# Editor



## kay hall (Feb 2, 2011)

I am having a difficult time finding an editor and google search isn't helping. Any suggestions?


----------



## strangedaze (Feb 2, 2011)

youre probably going to have to be a bit more specific. do you mean:

1. a specific editor in the industry? (ie: someone in a publishing house)

2. a non-specific editor who you will pay to comment on your work?

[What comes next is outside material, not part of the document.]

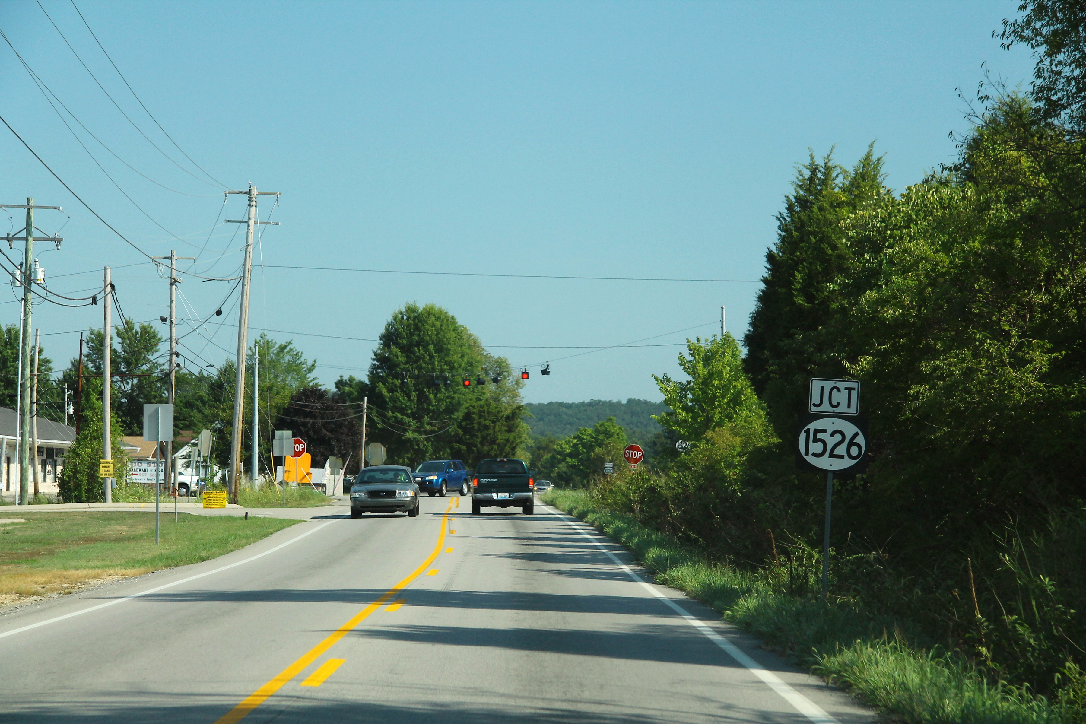 Kentucky Route 1020 approaching Kentucky Route 1526.

3. someone completely different that the above two? in which case, explain.


----------



## kay hall (Feb 2, 2011)

The second one, I'm searching for an editor that will comment on my work and help make it better.  Not in the publishing house.


----------



## strangedaze (Feb 2, 2011)

im canadian, so my recommendations would be canadian, but marnie woodrow is pretty awesome at this kind of thing - Story Coach: About

you could also try the writers union of canada, which will list authors who also edit manuscripts.


----------



## kay hall (Feb 2, 2011)

Thanks, do you know/heard of anyone like that in the states?


----------



## WriterJohnB (Feb 4, 2011)

Kay,

I occasionally do proofreading and critique, and I've been told I'm pretty good at it. If you want to send me a first chapter to take a look at (free, of course), PM me. I'm pretty experienced in the writing world, nearly perfect at grammar and spelling, and - WARNING - I'm totally honest in my opinions. If I think your novel sucks, I'll say so, but not in such harsh words.

JohnB


----------